The reports show that there were anomalies committed in the branches Jumuad managed. On the principle of respondeat superior or command responsibility alone, Jumuad may be held liable for negligence in the performance of her managerial duties. She may not have been directly involved in causing the cash shortages in KFC-Bohol, but she also did not perform her duty monitoring and supporting the day to day operations of the branches and ensure that all the facilities and equipment were properly maintained and serviced which could have prevented the anomalies.Rather than taking proactive steps to prevent the anomalies at her branches, Jumuad merely effected remedial measures. In the restaurant business where the health and well-being of the consuming public is at stake, this does not suffice.

Based on established facts, the mere existence of the grounds for the loss of trust and confidence justifies petitioners dismissal.Hi-Flyer exercised in good faith its management prerogative as there is no dispute that it has lost trust and confidence in her and her managerial abilities, to its damage and prejudice.

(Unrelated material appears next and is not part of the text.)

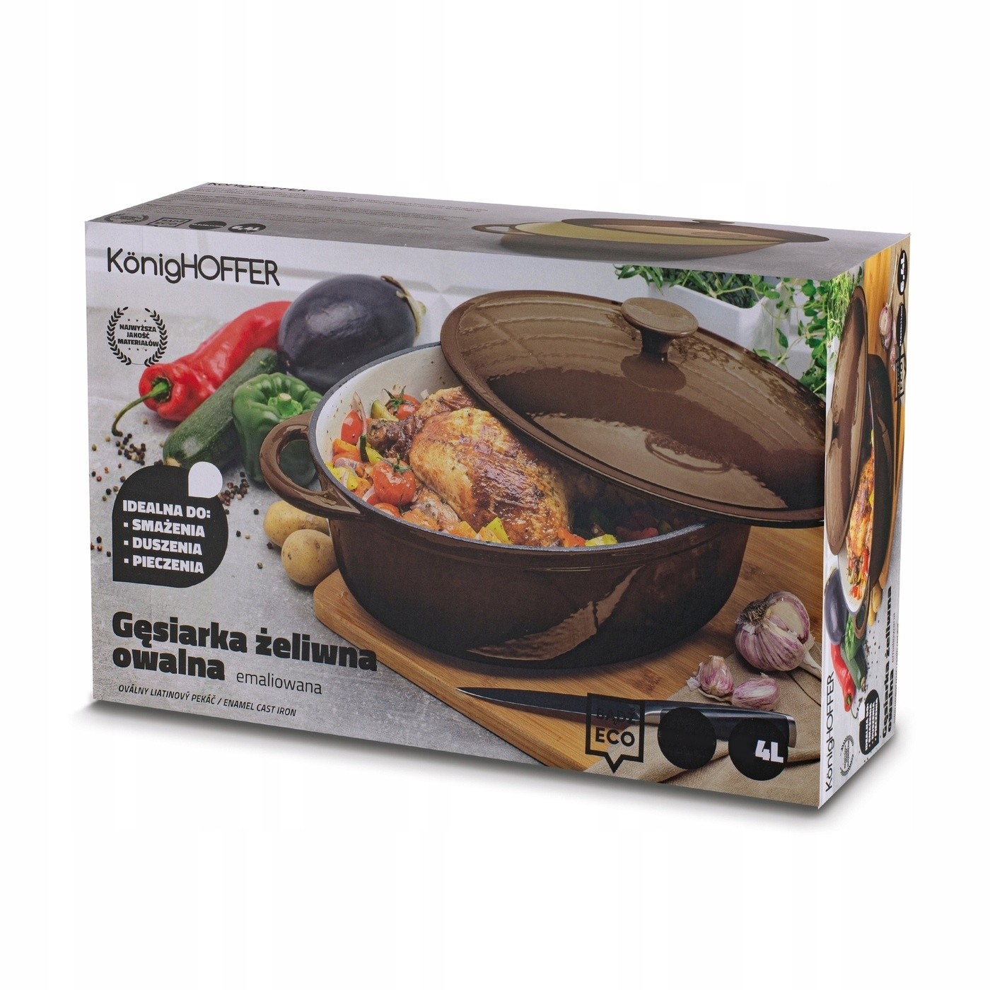 чавун -рон -ронний гусак є овальним, важким і твердим. Ви можете готувати, тушкувати, смажити і запікати посуд в ньому. Використовуючи посудину в духовці, не перевищуйте 250 градусів С. Однак продукт дозволяє вам нагрівати посуд годинами, тому це чудово, наприклад, для випічки птиці в повному обсязі (наприклад, качки). Завдяки чавунній кришці, прикріпленій до набору, ви можете відрегулювати кількість пари всередині гусака. Модель має класичний вигляд і може підкреслити знайомий персонаж та затишний декор вашої кухні. Ви навіть випікаєте традиційний хліб із закваски. Розміри сірого гусака становить 26 х 21 х 11,2 см. Продукт має рекомендацію Ewa Wachowicz. Як посол Konighoffer, вона рекомендує його для домашнього використання з посмішкою. Ви отримаєте з ним свій домашній рецепт. Це один з найкращих варіантів цієї категорії!

Her dismissal, was therefore, justified. The law imposes many obligations on the employer such as providing just compensation to workers, observance of the procedural requirements of notice and hearing in the termination of employment. On the other hand, the law also recognizes the right of the employer to expect from its workers not only good performance, adequate work and diligence, but also good conduct and loyalty. The employer may not be compelled to continue to employ such persons whose continuance in the service will patently be inimical to its interests.